みづから凡ての人に生命と息と萬の物とを與へ給へば、物に乏しき所あるが如く、人の手にて事ふることを要し給はず。
26 神は,一人の人からあらゆる民族の人々を造って,地の全面に住まわせ,決まった季節と,その居住地の境界を定められました。
一人よりして諸種の國人を造りいだし、之を地の全面に住ましめ、時期の限と住居の界とを定め給へり。
27 これは,もしも人々が手を差し伸べてご自分を見いだすなら,彼らが主を求めるようになるためなのです。もっとも,神はわたしたちひとりひとりから遠く離れておられるわけではありません。
これ人をして神を尋ねしめ、或は探りて見 出す事あらしめん爲なり。されど神は我等おのおのを離れ給ふこと遠からず、
28 『我々はそのうちに生き,動き,存在しているのだから』。あなた方の詩人たちのある者たちもこう言っている通りです。『我々もその子孫なのだから』。
我らは神の中に生き、動きまた在るなり。汝らの詩人の中の或 者どもも「我らは又その裔なり」と云へる如し。
29 それで,わたしたちは神の子孫なのですから,神たる者を,人間の技術や着想によって刻み込まれた金や銀や石のようなものと考えるべきではありません。
かく神の裔なれば、神を金・銀・石など人の工と思考とにて刻める物と等しく思ふべきにあらず。

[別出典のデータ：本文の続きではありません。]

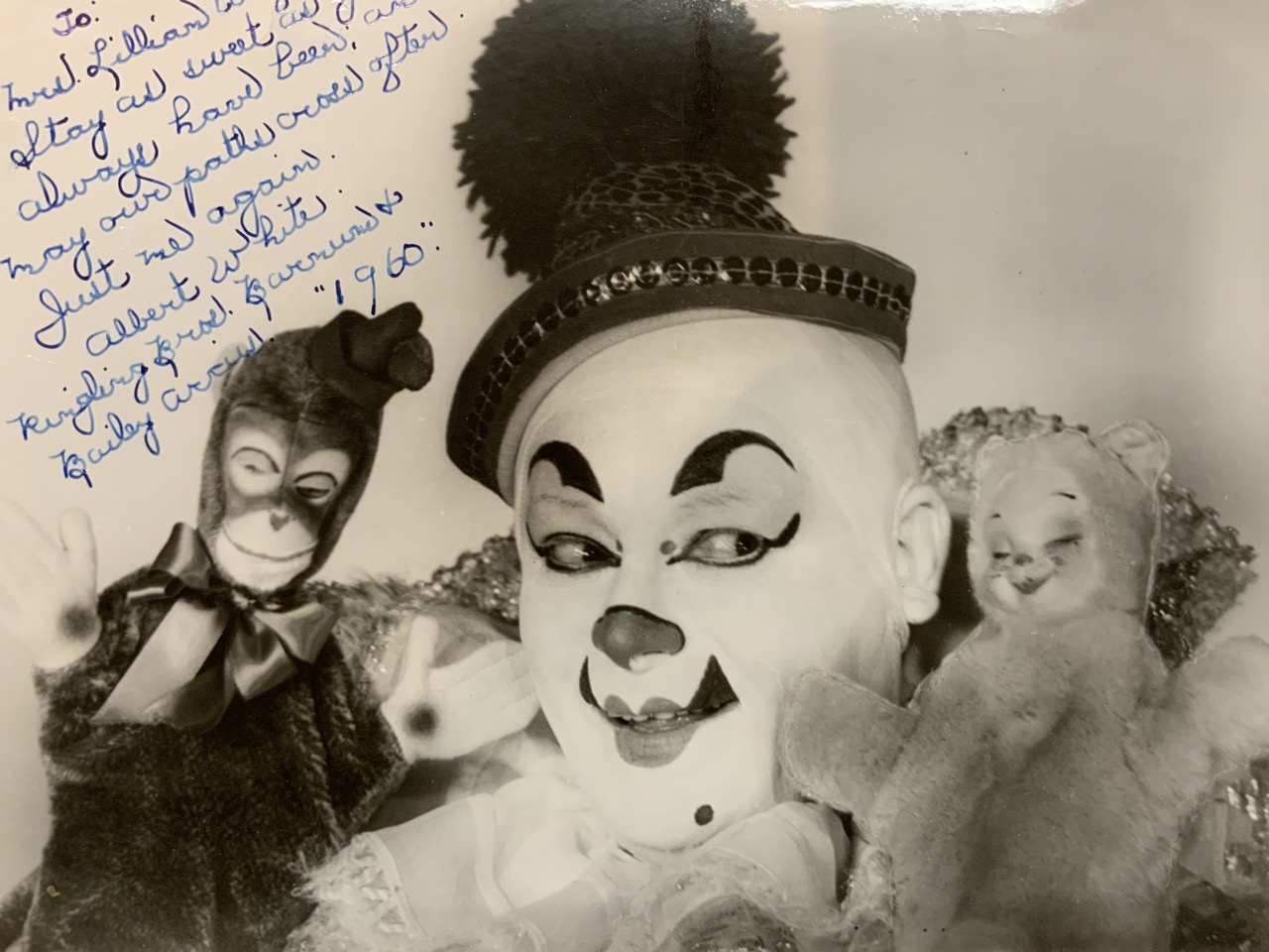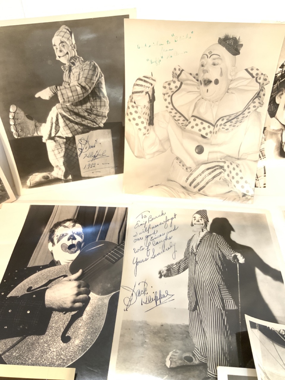 Thirteen (13) vintage black and white vintage photographs. Circus clowns including Albert White, Biffo, Jack McAfee, Jack Klippel
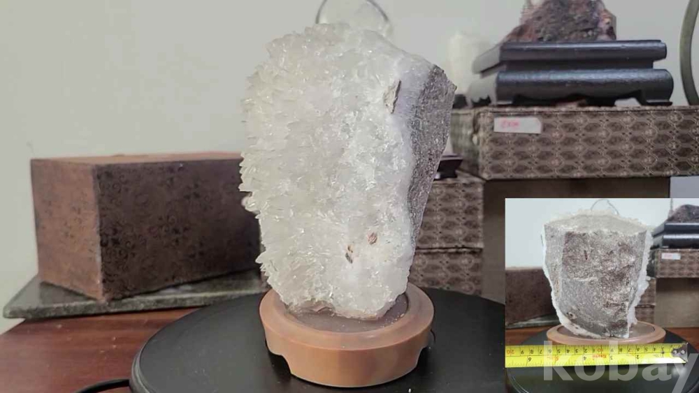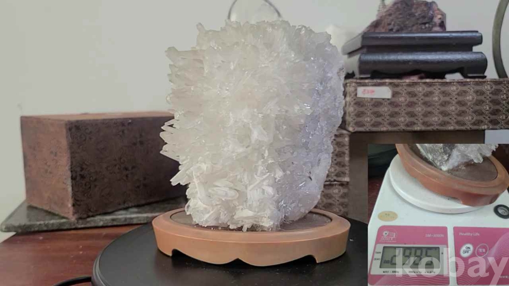 좌대위에 앉은 소형 수정 수석입니다
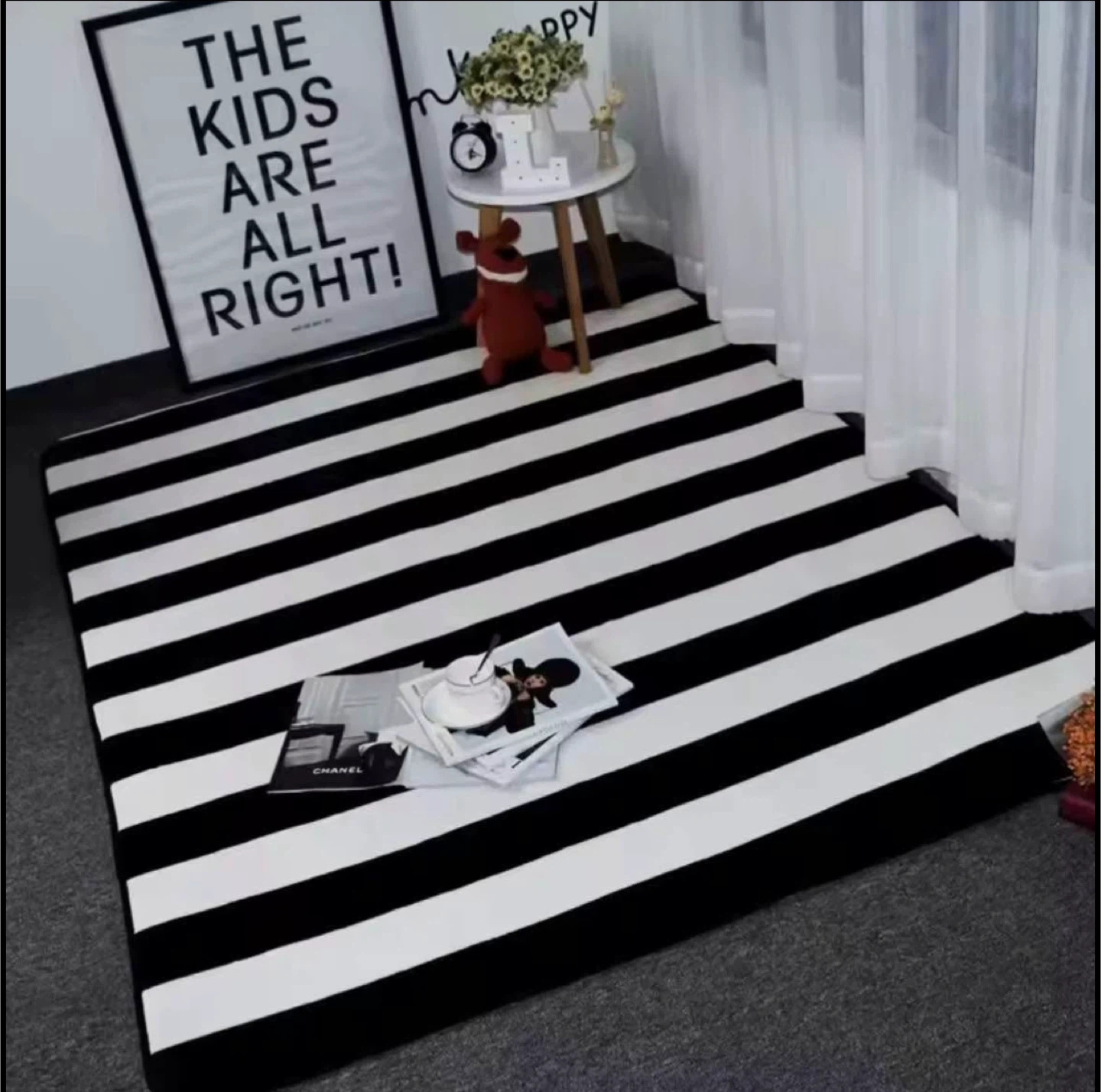 Black and White Striped Rug

30 神は無知の時代をそれゆえに見過ごしてこられました。しかし今や,どこにいる人でも皆悔い改めるよう命じておられます。
神はかかる無知の時代を見 過しにし給ひしが、今は何處にても凡ての人に悔改むべきことを告げたまふ。
31 ご自分が任命した人によって,この世を義をもって裁くために日をお定めになり,彼を死んだ者たちの中から起こすことによって,すべての人に保証をお与えになったからです」。
曩に立て給ひし一人によりて、義をもて世界を審かんために日をさだめ、彼を死人の中より甦へらせて保證を萬人に與へ給へり』
32 さて,死者の復活について聞くと,ある者たちはあざけったが,ほかの者たちは,「そのことについてはまた聞きたい」と言った。
人々、死人の復活をききて、或 者は嘲笑ひしが、或 者は『われら復この事を汝に聞かん』と言へり。
33 こうして,パウロは彼らの中から出て行った。
ここにパウロ人々のなかを出で去る。
34 しかし,幾人かの者たちは彼に加わり,信者になった。その中には,アレオパギトであるディオニュシオス,またダマリスという名の女やほかの者たちもいた。
されど彼に附隨ひて信じたるもの數人あり。其の中にアレオパゴスの裁判人デオヌシオ及びダマリスと名づくる女あり、尚その他にもありき。